Figure 4. Surgical repair of a stress fracture

Petrisor Baia DVM
Daniel J Burba DVM
Neely Heidorn PhD


A common bone problem that occurs in young race horses during the first few months in training is dorsal metacarpal disease, commonly known as bucked shins. In the racing industry, approximately 70 % of young Thoroughbreds are diagnosed with bucked shins, and 12% of them develop stress or saucer fractures of the forelimb cannon bones later in their career. This is a performance-limiting condition that besides the economic factor predisposes these animals at increased risk of catastrophic injuries.

Racehorse owners should understand and know how to prevent or treat bucked shins. Exercise is very healthy for humans and animals alike since the controlled stresses force our bodies to adapt and become stronger. Old bone is stripped away and replaced by new, stronger bone in areas that take the most stress, as in the cannon bone in horses. The body responds to hard training by thickening the front of the cannon bone. If training progresses too quickly and the body cannot keep up the stress on the bones with the bone remodeling process, then overexertion can lead to an inflammatory condition of the cannon bone known as bucked shins.
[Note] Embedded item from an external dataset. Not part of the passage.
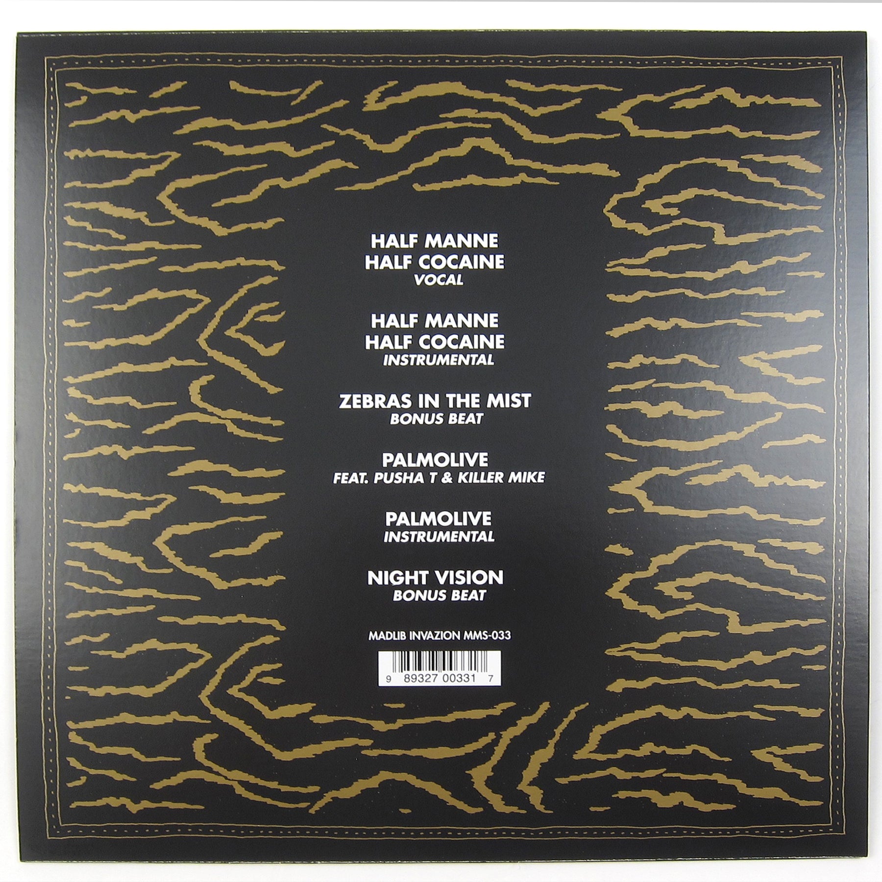 As the title suggests, Half Manne Half Cocaine is divided into two parts. Gibbs details his wealth and achievements in the first over an ominous, rattling trap beat, and the song switches to the Half Cocaine portion, on which the rapper lays down bars about his drug dealing x dirty money days. Madlib opts for a similar feel after the beat switch, with dark chords riding over a deceptively simple drum pattern highlighted by open hi-hat hits. Flip the record over for "Palmolive" featuring Pusha T and Killer Mike, instrumentals for both included as well as previously unreleased "Zebras In The Myst" and "Night Vision." Two standout tracks from the critically acclaimed Banadana + Madlib bonus beats, SAY NO MORE.
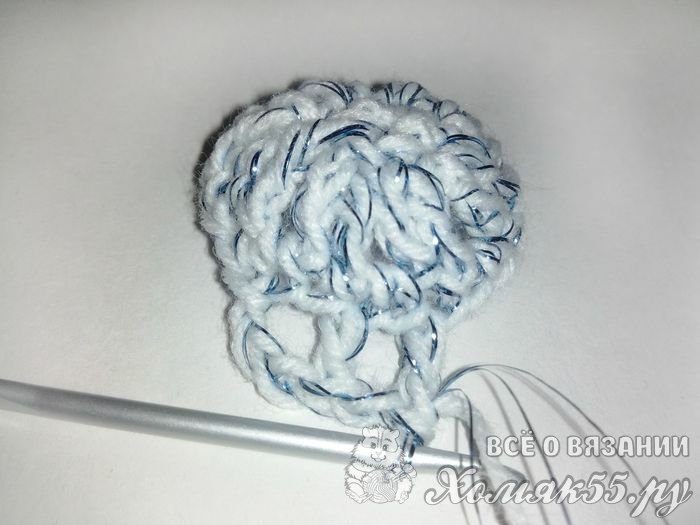 Сначала свяжем три воздушные петельки и провяжем соединительную петлю в третью. Теперь в получившееся кольцо свяжем семь столбиков без накида.

Clinical Presentation/Diagnosis

Initially the horse is reluctant to finish training and may be associated with lameness. In the mildest form, swelling and heat along the horse’s front shins indicate the horse is suffering from bucked shins. It can affect one or both front cannon bones, and running a finger quickly over the affected area will cause an immediate reaction due to the painful nature of this condition. Although bucked shins is a common problem to young horses, it can happen to any horse that is subjected to too much work before the horse’s body has had time to strengthen and adapt. It is just far easier to overstress a young and developing horse than it is to overstress a fully mature and developed horse. Radiographs can determine the degree of damage and provide the necessary information to decide the best course of action.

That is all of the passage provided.